По приватизации особо охраняемых природных территорий — в 2017 году состоялась очередная атака, девятая по нашему счету за последние годы, когда попытались внести очередные поправки, которые открывали лазейки для приватизации или застройки заповедников и нацпарков. Места заповедные, баньку тут построить хотят многие.

Еще одна нехорошая история — газовые атаки в Московском регионе из неизвестных источников. Москвичи почувствовали себя так, как чувствуют себя челябинцы, норильчане, воркутинцы, когда приходится дышать непонятно чем. Я только что пришел с заседания Мосгордумы, где состоялся круглый стол по этой проблеме, где выступали инициативные группы. Кроме мата, все остальное прозвучало. Люди просто доведены. Этот скандал я бы отметил особенно.

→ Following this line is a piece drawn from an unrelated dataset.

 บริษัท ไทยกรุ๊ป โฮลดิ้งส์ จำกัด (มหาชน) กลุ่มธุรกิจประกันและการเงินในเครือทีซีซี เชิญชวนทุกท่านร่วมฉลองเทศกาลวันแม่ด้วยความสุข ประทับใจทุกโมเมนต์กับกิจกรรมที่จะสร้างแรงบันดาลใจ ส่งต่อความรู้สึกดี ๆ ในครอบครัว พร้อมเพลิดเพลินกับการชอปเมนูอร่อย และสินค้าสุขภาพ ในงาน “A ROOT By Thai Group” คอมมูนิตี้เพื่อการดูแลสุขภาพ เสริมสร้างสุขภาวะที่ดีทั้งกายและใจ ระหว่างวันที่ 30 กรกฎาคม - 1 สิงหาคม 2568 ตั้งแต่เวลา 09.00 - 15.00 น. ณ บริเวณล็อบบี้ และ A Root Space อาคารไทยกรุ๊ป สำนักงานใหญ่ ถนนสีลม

Попытка создать систему раздельного сбора коммунальных отходов, можно сказать, провалилась. Этот провал может быть связан с газовыми атаками в Москве. Система раздельного сбора за редким исключением развивается ни шатко ни валко. Где-то раздельный сбор есть, но потом все это часто сваливается в одну общую мусорку. Скорее всего, это происходит потому, что нет общественного запроса или национальной идеи, общественного консенсуса, когда каждый человек поймет и скажет себе: «Я не буду покупать пластиковый пакет, я отнесу бумагу в пункт сбора макулатуры, потому что не хочу, чтобы завтра мои родственники, друзья дышали гарью мусорных свалок или мусоросжигательных заводов».

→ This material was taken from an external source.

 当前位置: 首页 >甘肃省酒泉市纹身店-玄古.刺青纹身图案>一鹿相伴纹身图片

Остались классические лесные проблемы: пожары, сплошные вырубки, недофинансирование лесовосстановления и лесной охраны. Ничего нового, тут нас, к сожалению, ничем не удивить.

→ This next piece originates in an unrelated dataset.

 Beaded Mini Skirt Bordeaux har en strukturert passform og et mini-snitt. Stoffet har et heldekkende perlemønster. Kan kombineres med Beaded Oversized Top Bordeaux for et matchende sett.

По Арктике есть хорошие новости. Есть понимание, что больше так жить нельзя: Северный завоз с его «золотым» дизелем и углем, халабуды [ветхие строения барачного типа] с гулаговских времен — стали объектом внимания наших политиков. Здесь я бы отметил два события. Это Рогозин с его заявлением, сделанным еще в 2016 году [на заседании госкомиссии по вопросам развития Арктики вице-премьер России Дмитрий Рогозин предложил активно развивать на севере альтернативную энергетику и энергосберегающие технологии]. И буквально недавно вопрос о поддержке ВИЭ в изолированных энергосистемах оказался на контроле у Юрия Трутнева. С учетом наших российских скоростей, лет пять-семь уйдет только на раскачку. Надеемся, что к концу следующего президентского срока какое-то финансирование по такому замещению [дизельной генерации на ВИЭ] начнется.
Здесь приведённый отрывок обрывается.